Я давил их в таком количестве, что к вечеру у меня саднило ногти на большом и указательном пальцах, но работа на этом не кончалась, оставалось самое главное — разнести дневные данные по графам: блохи польские, югославские, испанские; площицы крымские; чесоточные клещи из Перу… Через мои ногти проходило все, что тайком ползает по вырождающемуся человечеству и кусает его. Как видите, труд был монументальный и в то же время требовал дотошности. Наши материалы обрабатывались в Нью-Йорке специальной службой, оснащенной электрическими блохосчетными машинами. Каждый день карантинный катер пересекал порт по всей его ширине, доставляя туда наши вычисления для суммирования и проверки.

Так шли дни, я потихоньку выздоравливал, но по мере того, как комфортабельная жизнь избавляла меня от бреда и жара, во мне вновь пробуждалась властная тяга к приключениям и сумасбродствам. При температуре ниже тридцати семи все становится банальным.

Конечно, я мог бы жить там на покое, сытно питаясь в станционной столовке, тем более что дочь доктора Смратта — я опять возвращаюсь к нему, — девушка в великолепии своей пятнадцатой весны, отправляясь после пяти вечера играть в теннис, проходила в коротенькой юбочке под окнами нашей канцелярии. Я редко видел ноги лучше, чем у нее, — еще немного мальчишеские, но уже более изящные, подлинное украшение расцветающей плоти. Молодые флотские лейтенанты так и увивались за нею.

Им, паршивцам, не приходилось, как мне, оправдывать свое присутствие полезными трудами. Я не упускал ни одной подробности их маневров вокруг моего маленького идола. Из-за них я бледнел много раз на дню. В конце концов я решил, что ночью тоже, пожалуй, сойду за моряка. Я тешил себя этими надеждами, как вдруг в субботу на двадцать третьей неделе ход событий ускорился. Одного из моих товарищей, армянина, отвечавшего за отправку статистики, неожиданно решили перевести на Аляску считать блох у собак поисковых партий.

Вот это было повышение так повышение, и парень пришел в полный восторг. В самом деле, собаки на Аляске в большой цене. Они всегда нужны. О них всяко заботятся. А на эмигрантов плюют — они же в избытке.
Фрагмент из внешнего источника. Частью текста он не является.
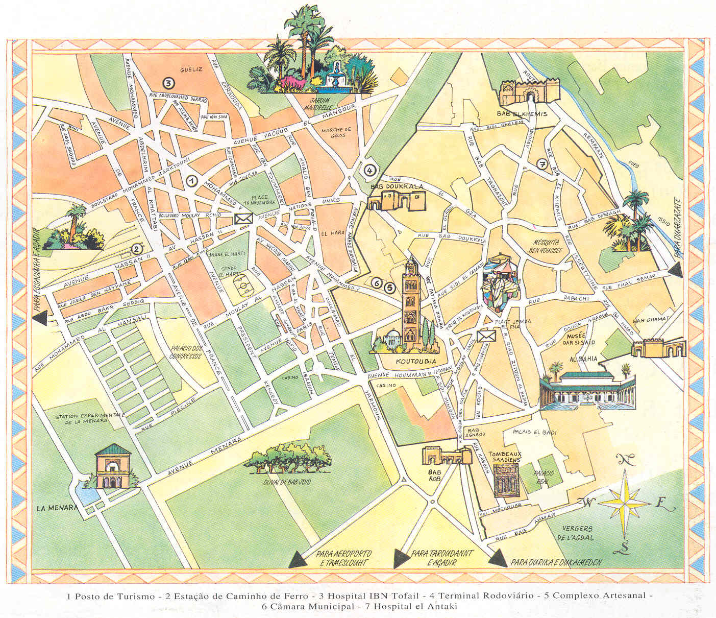 No extremo Sul da cidade encontra-se o palácio Real e mais a Sul, também rodeado de muralhas o jardim de Agdal, onde crescem árvores de fruto tais como laranjeiras, oliveiras, figos, etc.
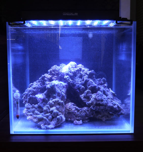 MaxSpect 110W LED med hjemmelavede beslag. Fint til prisen, har 2 kanaler for hhv hvidt og blåt lys, indbygget timer mv. men er dog ikke dæmpbar og med sunrise/sunset effekt som de noget dyrere Pacific Sun
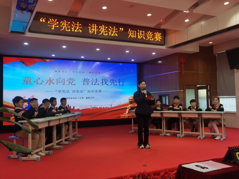 為了加強(qiáng)憲法宣傳教育,進(jìn)一步在青少年學(xué)生中普及憲法知識(shí)、弘揚(yáng)憲法精神、樹立憲法權(quán)威,構(gòu)建和諧校園、營造良好的法治環(huán)境。2023年12月6日,鄭州市金水區(qū)工人第一新村小學(xué)舉辦了“童心永向黨 普法我先行”憲法知識(shí)競賽活動(dòng)。

В канцелярии не оказалось под рукой никого, кому можно было бы поручить доставку статистики в Нью-Йорк, и начальство недолго думая назначило меня. Мой шеф Смратт пожал мне на прощанье руку и посоветовал вести себя в городе безупречно пристойно. Это был последний совет, данный мне этим честным человеком: он и раньше толком меня не видел, а тут я исчез совсем. Как только мы подвалили к причалу, хлынул ливень, промочив насквозь мой жидкий пиджачок, а заодно и статистические отчеты, постепенно раскисавшие у меня в руках. Правда, часть их я спас, свернув в толстую трубку и сунув в карман: мне хотелось выглядеть в городе возможно более деловым человеком. После этого, подавленный робостью и волнением, я ринулся навстречу новым авантюрам.

Задрав голову и глядя на стену из небоскребов, я испытывал нечто вроде головокружения вверх ногами — слишком уж много было всюду окон, и до того одинаковых, что от этого мутило. Я в своей легкой одежке весь продрог и поспешил забиться в самую темную из щелей этого гигантского фасада, надеясь, что не буду выделяться в толпе прохожих. Излишняя стыдливость! Я боялся зря: по улице, которую я выбрал как самую узкую из всех — не шире, чем приличный ручей у нас дома, — невероятно грязной, сырой и тонущей в полумгле, уже шагала такая масса людей — и толстых и тощих, — что они потащили меня с собой, словно тень. Как и я, они направлялись в город, несомненно, на работу и шли понурив голову. Это были те же самые бедняки, что везде.